Digital Nepal & Employment Decade: Key Loksewa Current Affairs on Tech & Jobs
Author
Loksewa AI Team
Published
Jul 17, 2026
Reading Time
8 min read

Digital Nepal & Employment Decade: Key Loksewa Current Affairs on Tech & Jobs
Nepal has just declared an entire 10-year "Employment Promotion Decade" and is rolling out a new Digital Nepal Framework. Together, these two plans shape how technology and jobs will work in Nepal for years to come — and they're exactly the kind of forward-looking policy topic Loksewa exams love to test.
Why This Topic Matters for Your Exam
Most current affairs questions ask "what happened." This topic is a bit different — it's about "what the government is planning for the next several years." That makes it a favorite for interview panels, since it shows whether you understand where the country is heading, not just what happened last week. Two big pieces make up this story: the Employment Promotion Decade and the Digital Nepal Framework 2.0. Let's go through both, simply.
What Is the "Employment Promotion Decade"?
On May 11, 2026, President Ramchandra Paudel presented the government's Policy and Programme for fiscal year 2026/27 to a joint session of Federal Parliament. Buried in that document, at Point 44, was a genuinely big announcement: the government has declared the entire period from FY 2026/27 to FY 2035/36 — a full ten years — as the "Employment Promotion Decade."

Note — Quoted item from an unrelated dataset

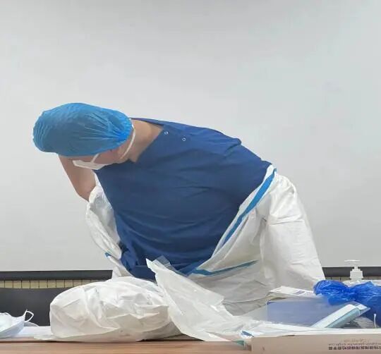 4.穿防护服,先检查防护服是否有破损,穿好后下蹲,看看防护服有没有鼓起来,判断防护服的气密性。

In simple words: this isn't a one-year plan. It's the government saying, "for the next ten years, our main economic goal is to create real jobs inside Nepal," instead of the old pattern of Nepalis leaving the country to find work abroad.

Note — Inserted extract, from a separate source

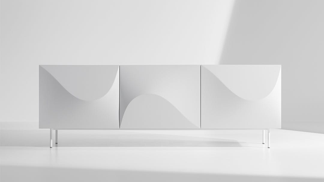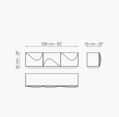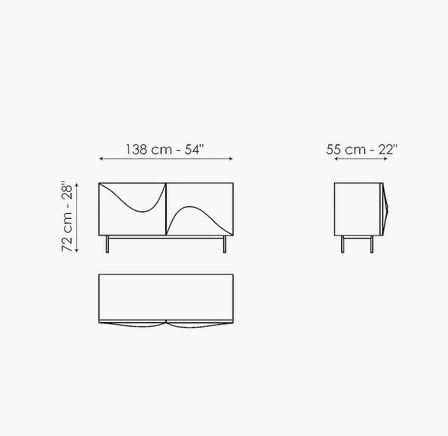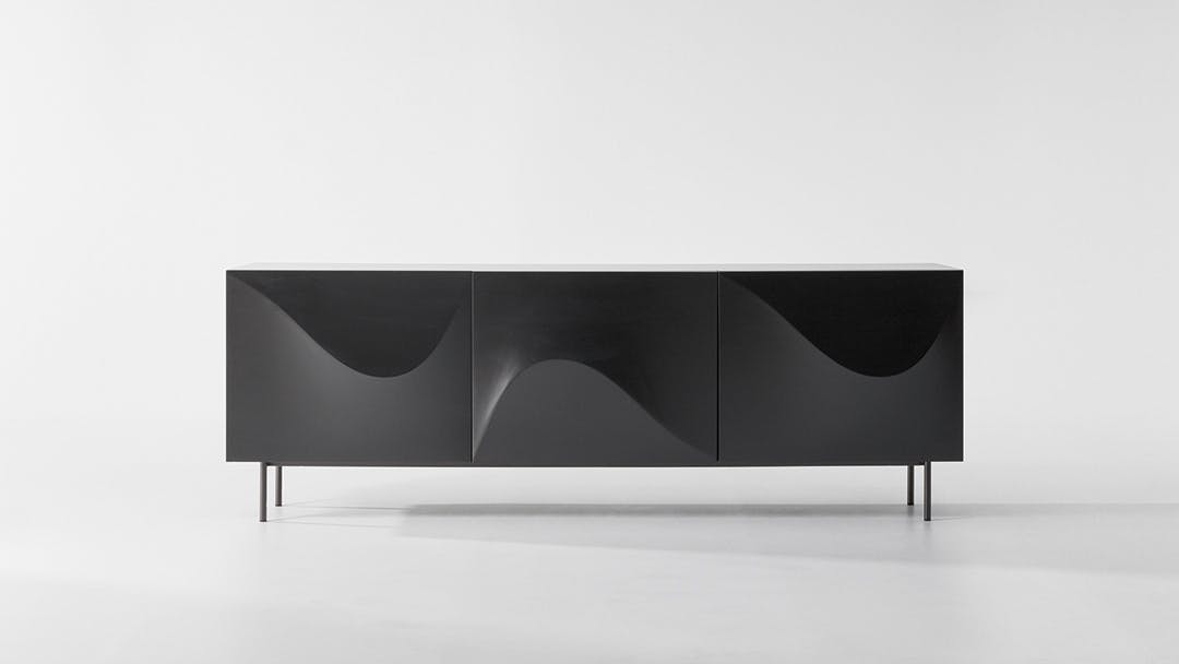 Inspired by the poster for Alfred Hitchcock’s film of the same name, the Vertigo design sideboard is distinguished by the soft wave that characterizes the front doors, creating a flow of movement on the surface that softens the rigorous design of the unit. The metal base consists of four seemingly slender feet that give the entire unit a sense of lightness. The Vertigo sideboard is available in three different colour combinations: white lacquered wood outer frame, white lacquered structural polyurethane doors, white metal base or matt bronze lacquered wood outer frame, bronze lacquered structural polyurethane doors, bronze metal base or matt lead lacquered wood outer frame, lead lacquered structural polyurethane doors, lead metal base.

What's Actually Inside This Plan
- A new National Employment Policy. This will bring together skills training, education, labour market information, social security, and employment services into one connected system, instead of these being handled separately.
- A national apprenticeship program, based on a "Learn While You Earn" idea — meaning young people can train and earn money at the same time, rather than studying first and only starting to earn much later.
- A "Remote Work Policy." This is one of the more interesting parts: it will give legal recognition to Nepalis who work for foreign companies while physically staying inside Nepal. This kind of work already happens informally, and this policy would make it official and protected.
- A "digital skills passport" system for returning migrant workers — a way to officially record and certify the skills someone picked up while working abroad, so that experience counts for something once they're back in Nepal.
What Is Digital Nepal Framework 2.0?
Alongside the employment plan, the Ministry of Communications and Information Technology is preparing Digital Nepal Framework 2.0 — an updated version of the original Digital Nepal Framework that was first introduced back in 2018.
In simple terms: the first version set out Nepal's overall plan for going digital. This new version focuses more specifically on:
- Building and upgrading digital infrastructure across the country
- Making sure high-speed internet reaches everyone, not just cities
- Training government employees and the general workforce in digital skills
- Creating a fair, transparent, and secure digital market for businesses and consumers
The Big Numbers Behind This Plan
Nepal has set a target to export Rs. 30 billion worth of IT-related services over the next 10 years, while creating 500,000 direct jobs and 1 million indirect jobs in the process. The government also wants to promote software, digital services, cloud computing, cybersecurity, "green computing," and artificial intelligence exports — all as part of pushing Nepal toward becoming a knowledge-based economy.
Supporting Pieces of the Plan
- High-capacity data centres are planned, to store and process data within Nepal instead of relying entirely on foreign servers.
- Tax incentives for research and innovation, to encourage more companies to invest in developing new ideas rather than just importing technology.
- High-speed internet for 10,000 community schools, plus a plan for AI-based learning tools and digital study materials in education.
- IT park incentives: companies operating in specific IT parks and special zones can get up to 75% tax exemption on income, a move meant to spread tech jobs beyond Kathmandu.
- A simplified tax system for freelancers. Once tax is deducted at source, freelancers don't need to pay extra on top — a policy specifically designed to support Nepal's growing freelance and remote-work economy.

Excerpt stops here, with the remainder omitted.